## TASK OBJECTIVE
Exactly as they appear below, repeat the lines from the one with "[ Non Compatibile" through the one with "NIGO Loro Piana", and no others.

## TASK INPUTS
---
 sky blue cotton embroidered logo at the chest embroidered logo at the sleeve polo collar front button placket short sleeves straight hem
---
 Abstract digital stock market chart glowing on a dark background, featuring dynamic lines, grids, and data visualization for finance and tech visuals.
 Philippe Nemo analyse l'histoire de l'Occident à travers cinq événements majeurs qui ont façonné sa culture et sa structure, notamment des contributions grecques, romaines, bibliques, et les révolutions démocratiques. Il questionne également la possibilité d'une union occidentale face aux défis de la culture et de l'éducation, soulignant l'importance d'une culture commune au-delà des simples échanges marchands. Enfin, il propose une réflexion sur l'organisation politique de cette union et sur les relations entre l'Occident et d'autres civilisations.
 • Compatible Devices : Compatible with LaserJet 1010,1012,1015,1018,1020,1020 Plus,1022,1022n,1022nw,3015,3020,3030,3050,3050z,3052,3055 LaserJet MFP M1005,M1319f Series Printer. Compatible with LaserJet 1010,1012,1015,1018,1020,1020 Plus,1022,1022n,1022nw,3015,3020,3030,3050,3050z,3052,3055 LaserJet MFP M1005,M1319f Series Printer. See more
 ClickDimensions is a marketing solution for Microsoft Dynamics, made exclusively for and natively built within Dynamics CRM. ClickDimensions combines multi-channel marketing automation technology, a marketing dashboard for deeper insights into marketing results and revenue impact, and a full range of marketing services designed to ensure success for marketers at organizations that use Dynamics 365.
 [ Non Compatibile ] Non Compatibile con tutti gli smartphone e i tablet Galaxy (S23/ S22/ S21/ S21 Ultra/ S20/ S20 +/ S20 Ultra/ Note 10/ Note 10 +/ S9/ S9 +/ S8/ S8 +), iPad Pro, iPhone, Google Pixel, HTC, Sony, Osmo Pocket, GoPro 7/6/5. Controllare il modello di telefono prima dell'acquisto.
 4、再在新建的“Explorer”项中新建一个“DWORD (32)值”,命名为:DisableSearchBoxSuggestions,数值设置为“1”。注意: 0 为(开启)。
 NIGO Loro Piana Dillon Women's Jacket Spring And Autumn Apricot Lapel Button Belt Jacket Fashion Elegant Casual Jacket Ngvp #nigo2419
---
## ANSWER TO THIS EXERCISE
 [ Non Compatibile ] Non Compatibile con tutti gli smartphone e i tablet Galaxy (S23/ S22/ S21/ S21 Ultra/ S20/ S20 +/ S20 Ultra/ Note 10/ Note 10 +/ S9/ S9 +/ S8/ S8 +), iPad Pro, iPhone, Google Pixel, HTC, Sony, Osmo Pocket, GoPro 7/6/5. Controllare il modello di telefono prima dell'acquisto.
 4、再在新建的“Explorer”项中新建一个“DWORD (32)值”,命名为:DisableSearchBoxSuggestions,数值设置为“1”。注意: 0 为(开启)。
 NIGO Loro Piana Dillon Women's Jacket Spring And Autumn Apricot Lapel Button Belt Jacket Fashion Elegant Casual Jacket Ngvp #nigo2419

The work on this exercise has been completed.